#### Data records:
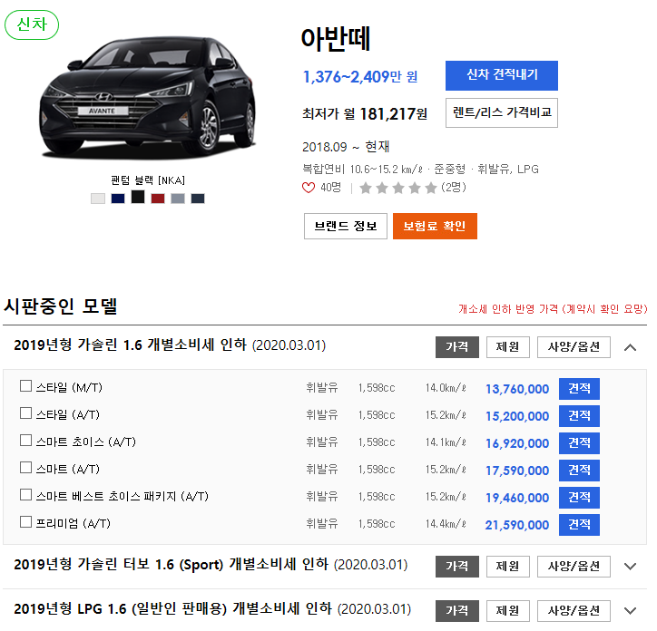 막상 캐시백으로 돌려 받는 비용이 차량 가격의 1.5%라고 하니 그리 커 보이지 않을 수도 있는데요, 계산을 해보면 확실히 돌려 받는 금액이 상당하다는걸 알 수 있습니다. 어떤 모델이든 상관없는데요, 아반떼 2019년형 가솔린 1.6 프리미엄 모델로 계산을 해보았습니다.
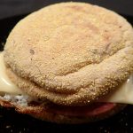 2 Spiegeleier braten und diese auf die Salamischeiben setzen. Darauf jeweils eine Scheibe Scheiblettenkäse legen, dann den Deckel oben draufsetzen.
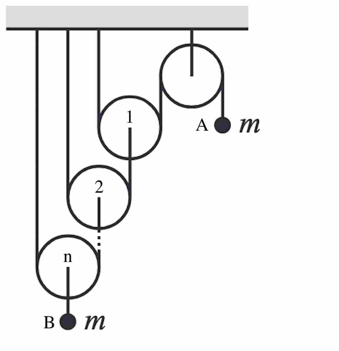 Let have acceleration and tension acting upward. Then, from the conservation of string, pulley 1 must have upward acceleration of , pulley 2 , and pulley (and hence ) . Similarly, if experiences an upward tension of , pulley 1 must experience a total upward tension of , pulley 2 , and pulley (and hence ) .
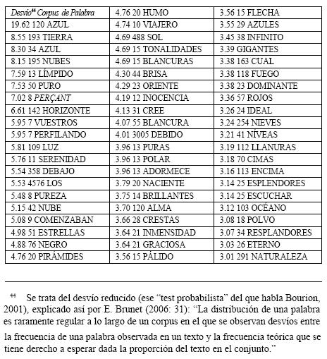 44 Se trata del desvío reducido (ese "test probabilista" del que habla Bourion, 2001), explicado así por E. Brunet (2006: 31): "La distribución de una palabra es raramente regular a lo largo de un corpus en el que se observan desvíos entre la frecuencia de una palabra observada en un texto y la frecuencia teórica que se tiene derecho a esperar dada la proporción del texto en el conjunto."
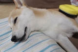 私の愛しい老猫、ミャオさん 頭、背中、アゴの下は普通にブラッシングさせてくれてもお腹は抵抗されて手を噛まれる事もしばしばあります 2014/09/15
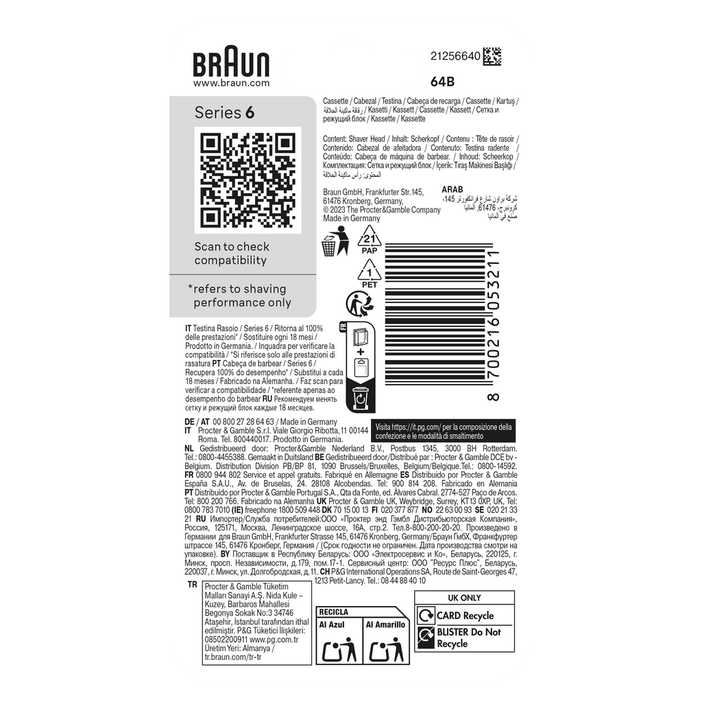 Braun 64B Series 6 Electric Shaver Replacement Head, Compatible With 60, 61, 62 Generations Shavers, Made in Germany
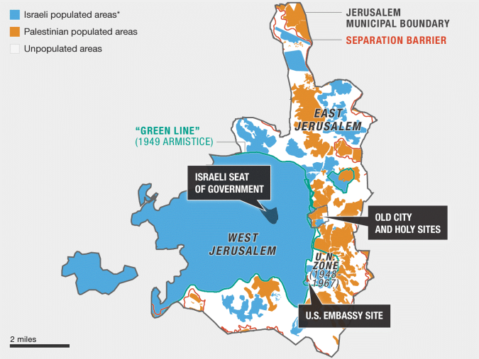 Figure 4: Political Map of Jerusalem (Source: http://brewminate.com/jerusalems-political-map/; Map data by Daniel Seidemann/Terrestrial Jerusalem. Labeling by NPR. Credit: Daniel Estrin, Alyson Hurt, Larry Kaplow, Brittany Mayes and Greg Myre/NPR)
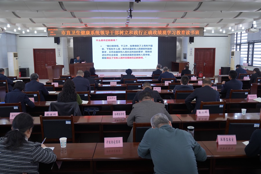 4月7日至8日,石家庄市卫生健康委举办市直卫生健康系统领导干部树立和践行正确政绩观学习教育读书班。本次读书班为期两天,通过集中学习、专题辅导、交流研讨、观看警示教育片等形式,推动正确政绩观入脑入心、落地生根。市卫生健康委党组书记、主任许尽晖作辅导报告。
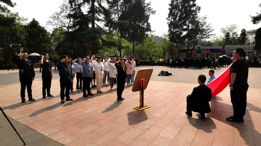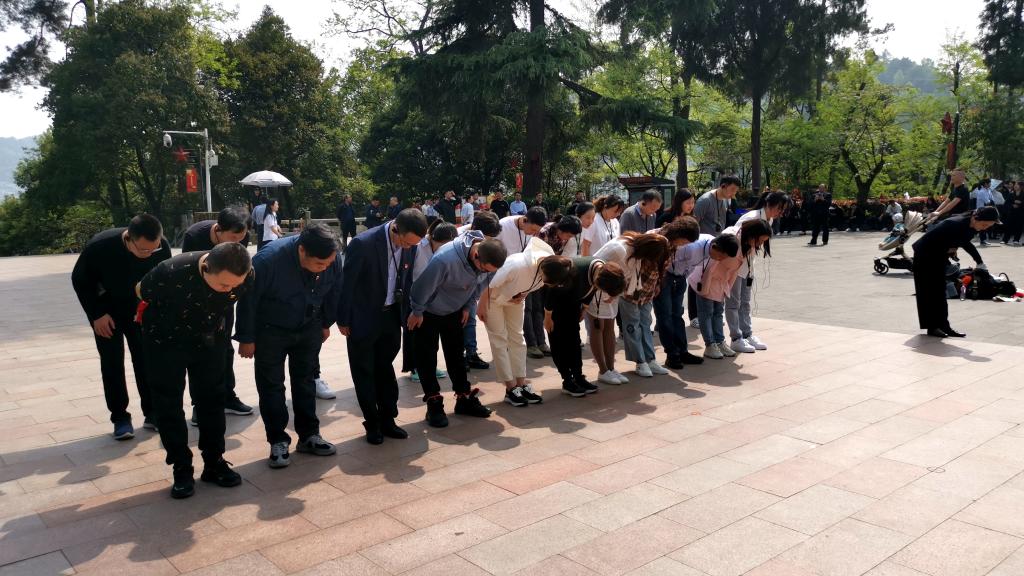 2023年4月10日下午,检验科党支部由党支部书记陈泽慧领队,全体党员参与,一行近30人在遵义市红军烈士陵园开展了“怀革命先烈,传承红色基因”主题党日活动。
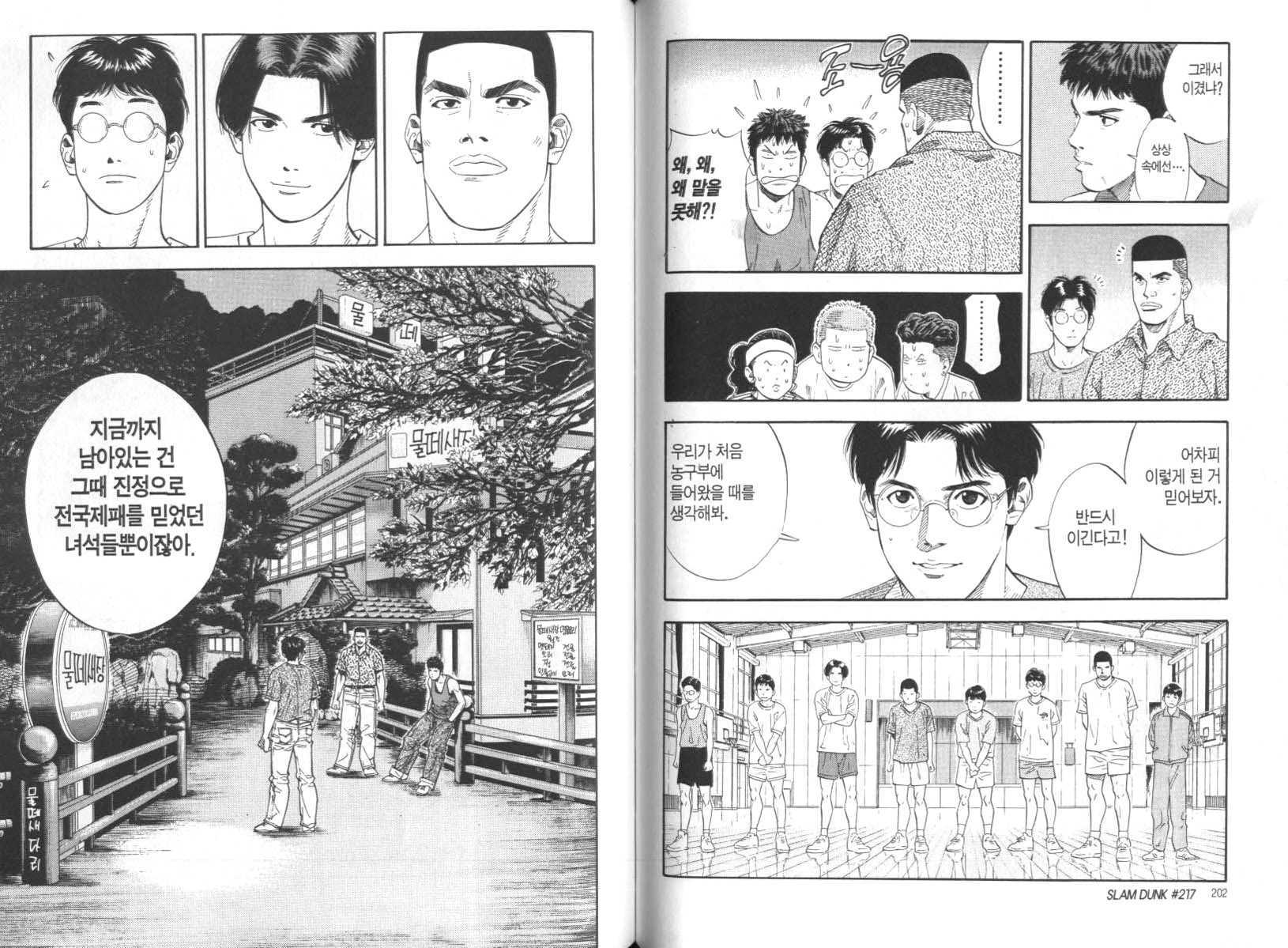 슬램덩크, 북산고 농구부가 3년 만에 전국대회 첫 출전을 앞두고 채치수, 권준호, 정대만이 나눈 대화 중

#### Exercise description:
Although the entries contain pictures, reproduce only the rest, exactly as written.

#### Solution for this task:
 막상 캐시백으로 돌려 받는 비용이 차량 가격의 1.5%라고 하니 그리 커 보이지 않을 수도 있는데요, 계산을 해보면 확실히 돌려 받는 금액이 상당하다는걸 알 수 있습니다. 어떤 모델이든 상관없는데요, 아반떼 2019년형 가솔린 1.6 프리미엄 모델로 계산을 해보았습니다.
 2 Spiegeleier braten und diese auf die Salamischeiben setzen. Darauf jeweils eine Scheibe Scheiblettenkäse legen, dann den Deckel oben draufsetzen.
 Let have acceleration and tension acting upward. Then, from the conservation of string, pulley 1 must have upward acceleration of , pulley 2 , and pulley (and hence ) . Similarly, if experiences an upward tension of , pulley 1 must experience a total upward tension of , pulley 2 , and pulley (and hence ) .
 44 Se trata del desvío reducido (ese "test probabilista" del que habla Bourion, 2001), explicado así por E. Brunet (2006: 31): "La distribución de una palabra es raramente regular a lo largo de un corpus en el que se observan desvíos entre la frecuencia de una palabra observada en un texto y la frecuencia teórica que se tiene derecho a esperar dada la proporción del texto en el conjunto."
 私の愛しい老猫、ミャオさん 頭、背中、アゴの下は普通にブラッシングさせてくれてもお腹は抵抗されて手を噛まれる事もしばしばあります 2014/09/15
 Braun 64B Series 6 Electric Shaver Replacement Head, Compatible With 60, 61, 62 Generations Shavers, Made in Germany
 Figure 4: Political Map of Jerusalem (Source: http://brewminate.com/jerusalems-political-map/; Map data by Daniel Seidemann/Terrestrial Jerusalem. Labeling by NPR. Credit: Daniel Estrin, Alyson Hurt, Larry Kaplow, Brittany Mayes and Greg Myre/NPR)
 4月7日至8日,石家庄市卫生健康委举办市直卫生健康系统领导干部树立和践行正确政绩观学习教育读书班。本次读书班为期两天,通过集中学习、专题辅导、交流研讨、观看警示教育片等形式,推动正确政绩观入脑入心、落地生根。市卫生健康委党组书记、主任许尽晖作辅导报告。
 2023年4月10日下午,检验科党支部由党支部书记陈泽慧领队,全体党员参与,一行近30人在遵义市红军烈士陵园开展了“怀革命先烈,传承红色基因”主题党日活动。
 슬램덩크, 북산고 농구부가 3년 만에 전국대회 첫 출전을 앞두고 채치수, 권준호, 정대만이 나눈 대화 중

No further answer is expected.